**Data provided**
□ □ □ □ □

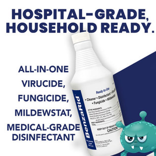 BenzaRid is an EPA-registered, ready-to-use hospital-grade non-staining, colorless, light lemon-scented disinfectant, virucide, fungicide, and mildew stat for your environment. It may be used on non-porous surfaces like beds, couches, chairs, floors, etc. Prevents the re-infection of your home and work environment. Child and pet safe once dry.
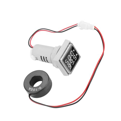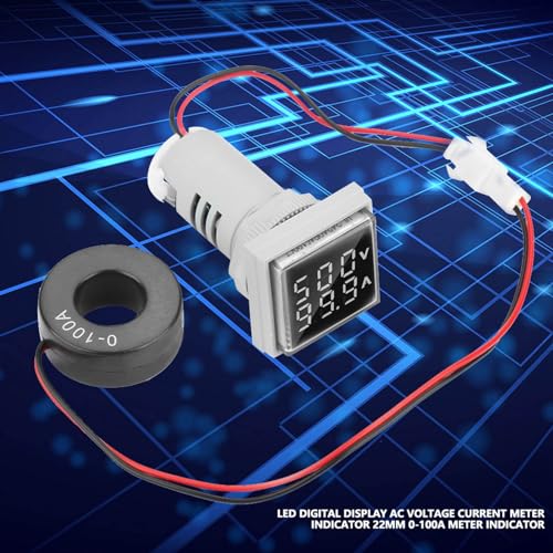 LED Display Voltmeter, Voltage Tester Current Detector 22mm Display Panel Voltmeter Ammeter AC 0-100A 60-500V Meter Indicator (White)
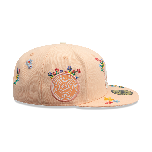 Esta gorra plana New Era 59FIFTY de Charros de Jalisco de la colección LAMP Bloom presenta un diseño floral con el logotipo de los Charros bordado en los paneles frontales, un parche representativo del equipo del lado derecho, el nombre del equipo al reverso y el flag de New Era bordado del lado izquierdo. Cómprala ya.

□ □ □ □ □

**What is expected**
Once the pictures are set aside, please reproduce the remaining material word for word.

**Task output**
 BenzaRid is an EPA-registered, ready-to-use hospital-grade non-staining, colorless, light lemon-scented disinfectant, virucide, fungicide, and mildew stat for your environment. It may be used on non-porous surfaces like beds, couches, chairs, floors, etc. Prevents the re-infection of your home and work environment. Child and pet safe once dry.
 LED Display Voltmeter, Voltage Tester Current Detector 22mm Display Panel Voltmeter Ammeter AC 0-100A 60-500V Meter Indicator (White)
 Esta gorra plana New Era 59FIFTY de Charros de Jalisco de la colección LAMP Bloom presenta un diseño floral con el logotipo de los Charros bordado en los paneles frontales, un parche representativo del equipo del lado derecho, el nombre del equipo al reverso y el flag de New Era bordado del lado izquierdo. Cómprala ya.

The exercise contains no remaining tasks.